On 2 October 1945, Herras Teehankee, through her husband, Alberto Teehankee, filed with the People's
Court a petition wherein, invoking the provisions of Executive Order No. 65, promulgated by His
Excellency, the President of the Philippines, dated 3 September 1945, she prayed that her immediate
release be ordered on the ground that no evidence exists upon which she could be charged with any act
punishable by law, or, alternatively, that the People's Court fix the bail for her provisional liberty, in
conformity with the aforesaid executive order, and upon approval of such bail, that an order be forthwith
issued directing the officer having official custody of her person to immediately release her.

On 9 October 1945, the Hon. Leopoldo Rovira, Presiding Judge of the People's Court, entered an order
referring the petition for provisional release for consideration by the Fifth Division of the People's Court,
but adding the following statement: "in my opinion, it should be denied notwithstanding the
recommendation of the Solicitor General for her provisional release under a bond of P50,000."

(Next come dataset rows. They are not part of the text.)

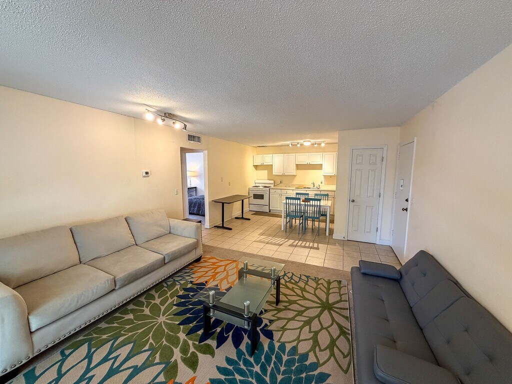 Walk to the VA and Shands - Move-in ready furnished 2/1 condo close to UF and Butler Plaza - 2 spacious bedrooms and 1 full bathroom - Tile floor in the kitchen and bathroom and carpet in the living room and bedrooms - On multiple bus routes to UF - Community features include a swimming pool. - No washer/dryer in the unit, but access to a paid laundry facility - Parking included in the rental rate The property is furnished with the following items: Common area: 2 sofas, 1 arm chair, coffee table, area rug, dinette w/ chairs, desk and a standing lamp Bedrooms: 2 beds, 2 desks, 2 dressers, 2 arm chairs, 2 area rugs and 2 end tables In order to reserve the property, the following would be required: 1) Each tenant and co-signer fill out and submit a credit/criminal background check application. ($60/person) 2) The security deposit equal to $600 3) A redecoration fee equal to $600 4) An air filter fee equal to $10/month for the length of the lease due at lease signing 5) A signed lease and parental guarantor or other approved guarantor to co-sign the lease unless the tenant has adequate monthly income of 3x the monthly rental rate as well as a 650 or higher credit score. Call University Rentals and Management at or email us at for more information or to set up a tour!
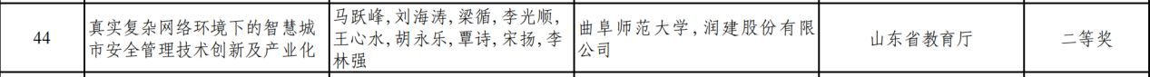 马跃峰教授团队联合润建股份有限公司共同参与完成的“真实复杂网络环境下的智慧城市安全管理技术创新及产业化”项目,获得山东省科技进步二等奖。项目聚焦于解决智慧城市建设中的安全管理问题,提出了创新性的技术解决方案,并成功实现了产业化应用,显著提高了城市的安全管理水平。
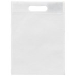 This 10W x 14H reusable bag is made with premium non-woven material and die cut handles. 10″ W x 14″ H
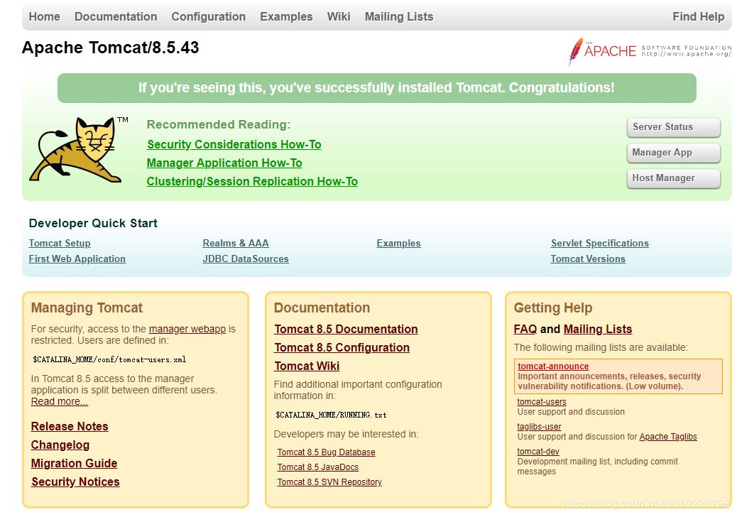 tar -zxvf apache-tomcat-8.5.43.tar.gz

On the same date, the Hon. Pompeyo Diaz, Associate Judge of the People's Court, entered an order
disposing of said petition and denying the same "in view of the gravity of the offense as can be deduced
from the fact that the office of the Special Prosecutors recommends as high as P50,000 for her provisional
release." Herras Teehankee filed for reconsideration, but the Court, through Associate Judge Pompeyo
Diaz, denied said motion. Herras Teehankee filed a petition for the writs of certiorari and mndamus on 19
October 1945 with the Supreme Court.

Issue: Whether a person may file for bail even before a formal charge or information is filed against him.

Ruling: Article III, section 1(16) of the Commonwealth Constitution -- which provides that "All persons
shall before conviction be bailable by sufficient sureties, except those charged with capital offenses when
evidence of guilt is strong.

Excessive bail shall not be required" -- refers to all persons, not only to persons against whom a
complaint or information has already been formally filed. It lays down the rule that all persons shall
before conviction be bailable except those charged with capital offenses when evidence of guilt is strong.

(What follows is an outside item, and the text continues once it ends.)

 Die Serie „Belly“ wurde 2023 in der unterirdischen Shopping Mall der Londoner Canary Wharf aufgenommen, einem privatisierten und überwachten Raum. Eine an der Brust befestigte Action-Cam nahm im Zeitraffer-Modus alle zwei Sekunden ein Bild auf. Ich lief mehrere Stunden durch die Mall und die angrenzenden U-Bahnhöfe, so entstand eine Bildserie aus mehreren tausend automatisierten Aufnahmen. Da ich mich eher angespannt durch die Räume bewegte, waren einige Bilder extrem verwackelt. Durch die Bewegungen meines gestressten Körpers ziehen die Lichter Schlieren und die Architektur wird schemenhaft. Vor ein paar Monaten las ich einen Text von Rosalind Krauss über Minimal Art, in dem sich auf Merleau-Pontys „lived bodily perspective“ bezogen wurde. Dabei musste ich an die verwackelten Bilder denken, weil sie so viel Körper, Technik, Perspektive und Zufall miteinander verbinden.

According to the provision, the general rule is that any person, before being convicted of any criminal
offense, shall be bailable, except when he is charged with a capital offense and the evidence of his guilt is
strong. Of course, only those persons who have been either arrested, detained or otherwise deprived of
their liberty will ever have occasion to seek the benefits of said provision. But in order that a person can
invoke this constitutional precept, it is not necessary that he should wait until a formal complaint or
information is filed against him. From the moment he is placed under arrest, detention or restraint by the
officers of the law, he can claim this guarantee of the Bill of Rights, and this right he retains unless and
until he is charged with a capital offense and evidence of his guilt is strong.
Indeed if, as admitted on all sides, the precept protects those already charged under a formal complaint or
information, there seems to be no legal or just reason for denying its benefits to one as against whom the
proper authorities may even yet conclude that there exists no sufficient evidence of guilt.

To place the former in a more favored position than the latter would be, to say the least, anomalous and
absurd. If there is a presumption of innocence in favor of one already formally charged with criminal
offense (Constitution, Article III, section 1[17]), a fortiori, this presumption should be indulged in favor
of one yet so charged, although already arrested or detained.